> _DATA TO PROCESS_

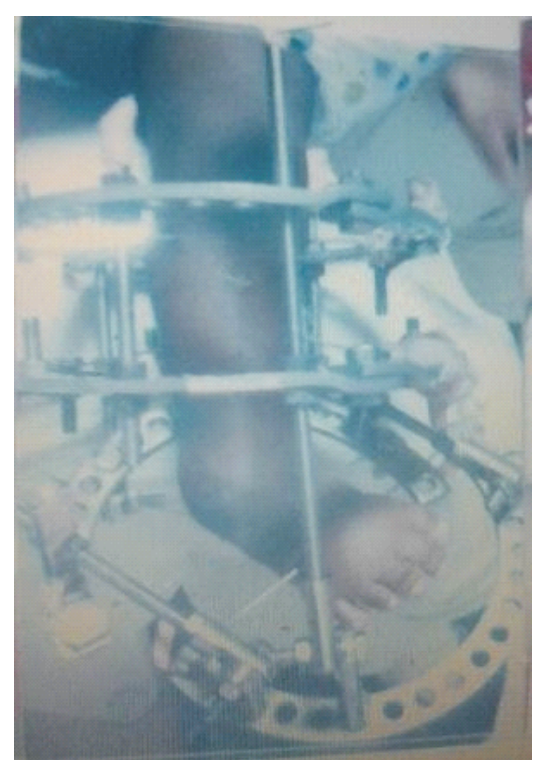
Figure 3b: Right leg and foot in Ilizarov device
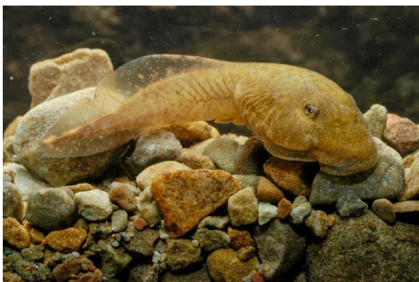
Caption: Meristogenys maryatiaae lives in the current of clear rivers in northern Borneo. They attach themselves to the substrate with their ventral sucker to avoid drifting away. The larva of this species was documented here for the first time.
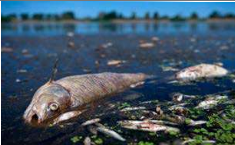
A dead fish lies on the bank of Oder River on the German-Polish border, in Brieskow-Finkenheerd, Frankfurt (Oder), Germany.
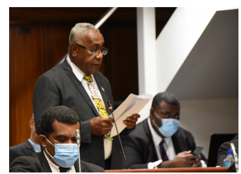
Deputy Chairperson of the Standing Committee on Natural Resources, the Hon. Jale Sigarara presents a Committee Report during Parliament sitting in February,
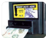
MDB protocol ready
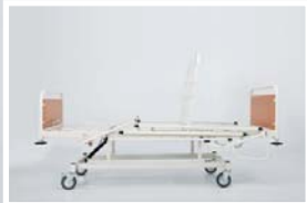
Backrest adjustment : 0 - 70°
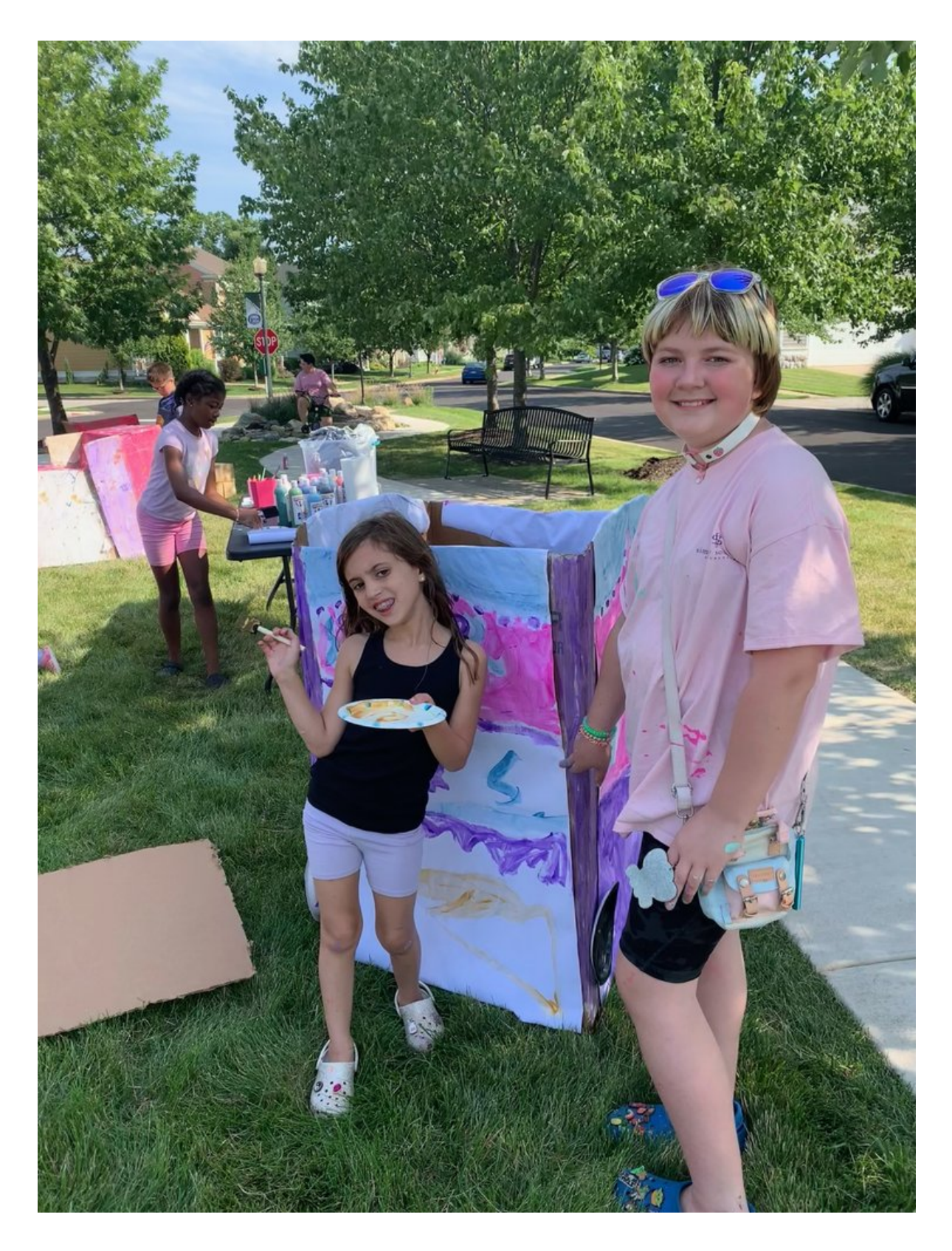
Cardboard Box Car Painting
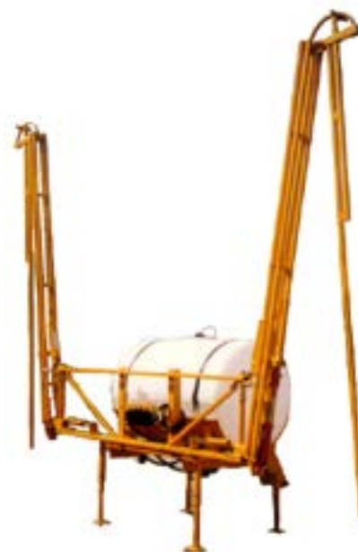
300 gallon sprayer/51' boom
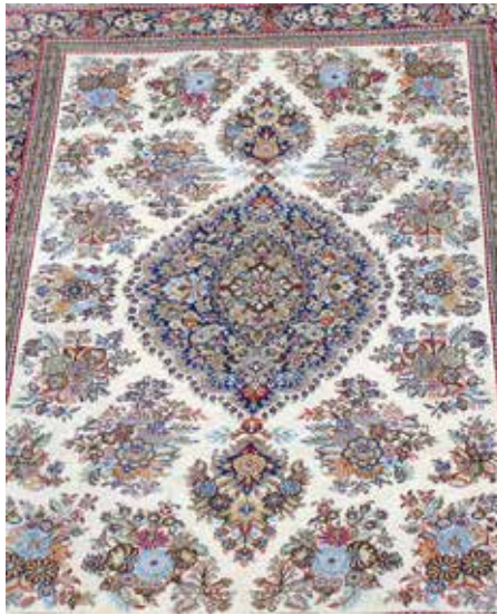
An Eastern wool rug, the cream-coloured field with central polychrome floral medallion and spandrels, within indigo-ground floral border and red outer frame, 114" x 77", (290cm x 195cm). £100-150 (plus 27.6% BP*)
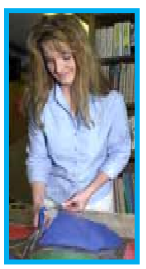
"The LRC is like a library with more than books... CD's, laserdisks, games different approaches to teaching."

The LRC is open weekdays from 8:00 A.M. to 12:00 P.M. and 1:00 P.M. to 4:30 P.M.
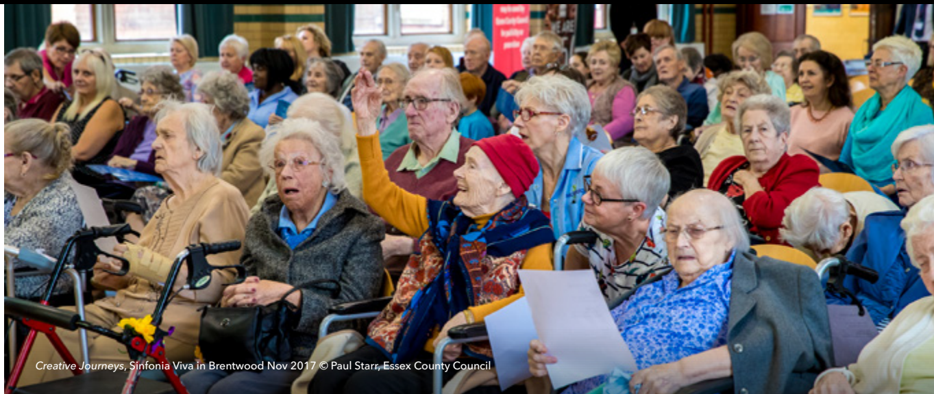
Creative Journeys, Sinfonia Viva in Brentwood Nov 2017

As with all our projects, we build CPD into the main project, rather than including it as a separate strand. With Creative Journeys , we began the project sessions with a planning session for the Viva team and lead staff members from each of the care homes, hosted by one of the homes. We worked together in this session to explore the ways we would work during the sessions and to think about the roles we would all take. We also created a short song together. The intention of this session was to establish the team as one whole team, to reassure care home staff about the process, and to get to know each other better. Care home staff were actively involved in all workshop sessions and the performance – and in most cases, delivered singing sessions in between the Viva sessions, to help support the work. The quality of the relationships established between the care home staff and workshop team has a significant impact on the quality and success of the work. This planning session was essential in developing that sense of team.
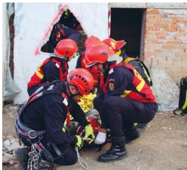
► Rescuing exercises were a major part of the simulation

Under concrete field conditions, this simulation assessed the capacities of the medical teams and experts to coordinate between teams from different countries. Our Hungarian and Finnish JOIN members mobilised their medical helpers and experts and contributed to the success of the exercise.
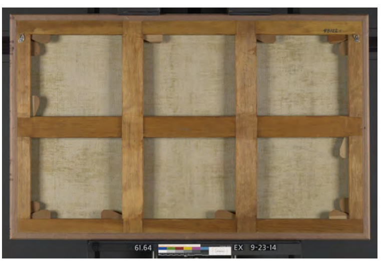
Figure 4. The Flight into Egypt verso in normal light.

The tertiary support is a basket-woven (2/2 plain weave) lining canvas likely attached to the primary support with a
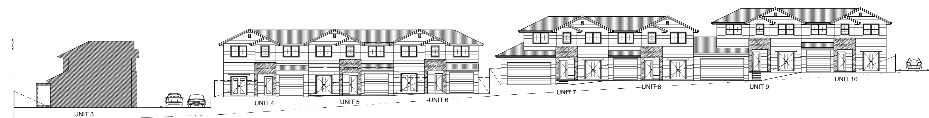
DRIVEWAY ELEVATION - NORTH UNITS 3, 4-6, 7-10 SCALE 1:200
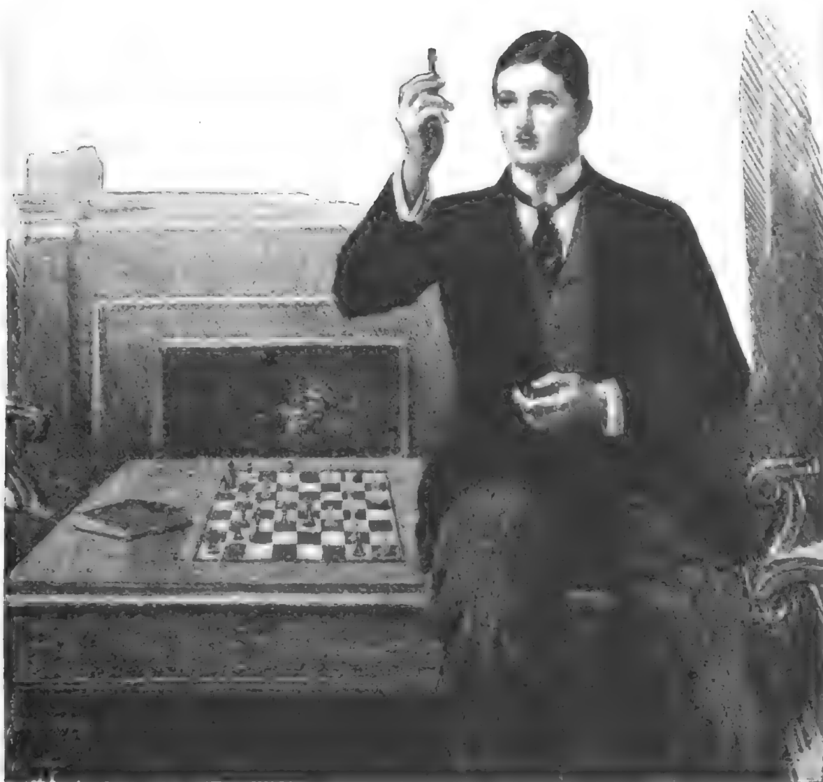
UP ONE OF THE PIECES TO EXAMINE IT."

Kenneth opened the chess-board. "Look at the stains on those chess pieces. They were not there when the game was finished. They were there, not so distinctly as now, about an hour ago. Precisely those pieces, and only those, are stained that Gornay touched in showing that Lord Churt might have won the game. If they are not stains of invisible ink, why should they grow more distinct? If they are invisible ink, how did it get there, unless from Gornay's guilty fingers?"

> _EXERCISE BRIEF_
Which lines in the listing hold the word "border"? Copy them out.

> _RESPONSE BELOW_
A dead fish lies on the bank of Oder River on the German-Polish border, in Brieskow-Finkenheerd, Frankfurt (Oder), Germany.
An Eastern wool rug, the cream-coloured field with central polychrome floral medallion and spandrels, within indigo-ground floral border and red outer frame, 114" x 77", (290cm x 195cm). £100-150 (plus 27.6% BP*)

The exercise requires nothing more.